What to produce. Print the listing below verbatim, passing over each picture.

Data section.
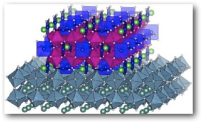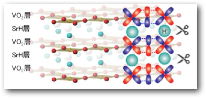 トポケミカル合成によって合成されるSrVO2H。酸化物イオン(O2-)とヒドリド(H-)が層状に秩序化しており、ヒドリドがバナジウムイオンとのπ結合をブロックするとこにより擬二次元的な電子構造を実現しています。
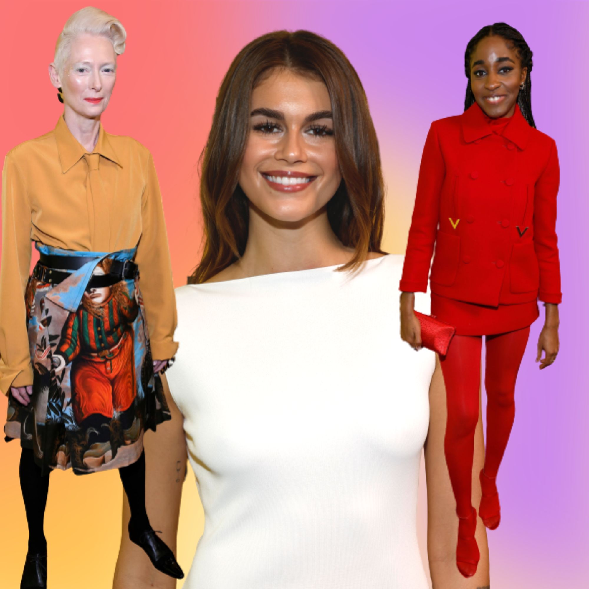 While Kaia Gerber has kept it classic and minimal, Tilda Swinton has brought her iconic Vivienne Westwood-esc ice-queen look to the carpet, plus many up-and-coming comics and actors making bold choices with fabrics and colours.
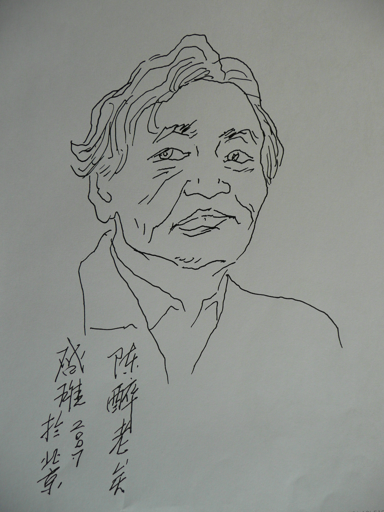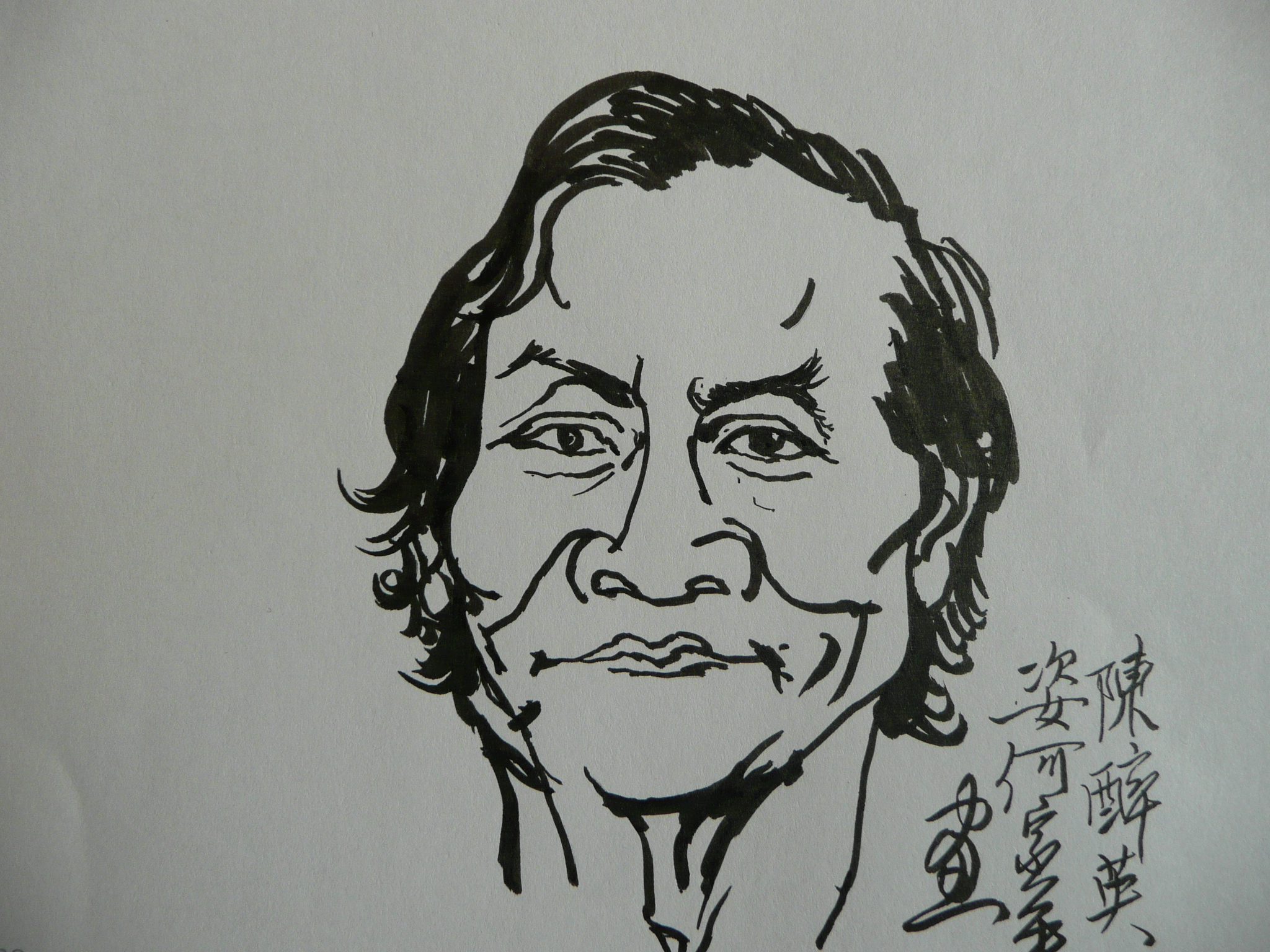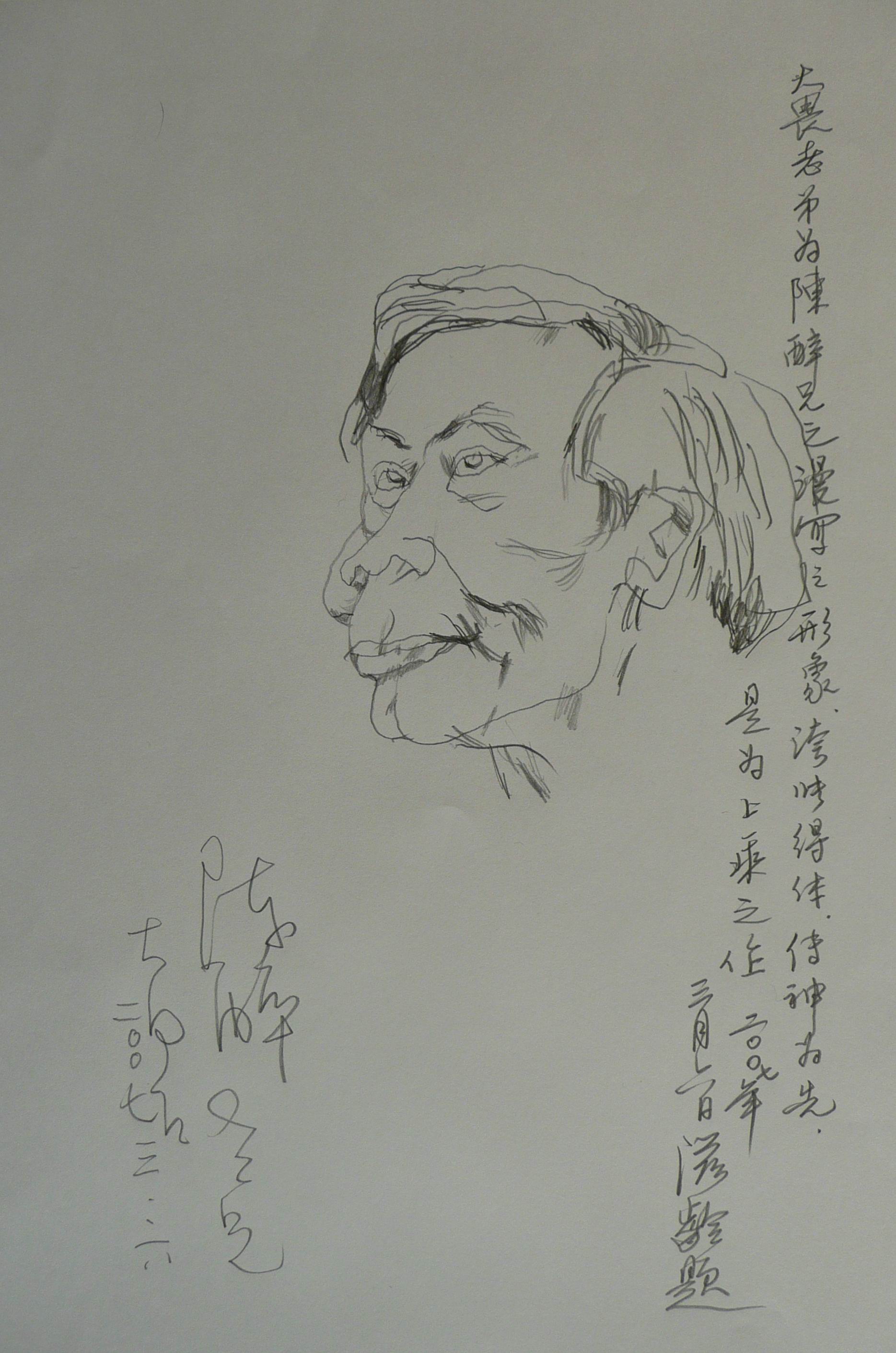 陈醉在文化界有很多朋友,有很多都是各自领域的杰出人物,也就是俗话说的名人。在他的散文随笔集《信步随风》中可以读到不少他与他们交往的趣闻轶事。不过那是文字记载的。今天我们奉献一组形象的材料——陈醉的画像,这些都是朋友们对陈醉的印象、反应。有庄有谐,耐人寻味,但笔底流露出来的都是一片真情!

Solution to the exercise.
 トポケミカル合成によって合成されるSrVO2H。酸化物イオン(O2-)とヒドリド(H-)が層状に秩序化しており、ヒドリドがバナジウムイオンとのπ結合をブロックするとこにより擬二次元的な電子構造を実現しています。
 While Kaia Gerber has kept it classic and minimal, Tilda Swinton has brought her iconic Vivienne Westwood-esc ice-queen look to the carpet, plus many up-and-coming comics and actors making bold choices with fabrics and colours.
 陈醉在文化界有很多朋友,有很多都是各自领域的杰出人物,也就是俗话说的名人。在他的散文随笔集《信步随风》中可以读到不少他与他们交往的趣闻轶事。不过那是文字记载的。今天我们奉献一组形象的材料——陈醉的画像,这些都是朋友们对陈醉的印象、反应。有庄有谐,耐人寻味,但笔底流露出来的都是一片真情!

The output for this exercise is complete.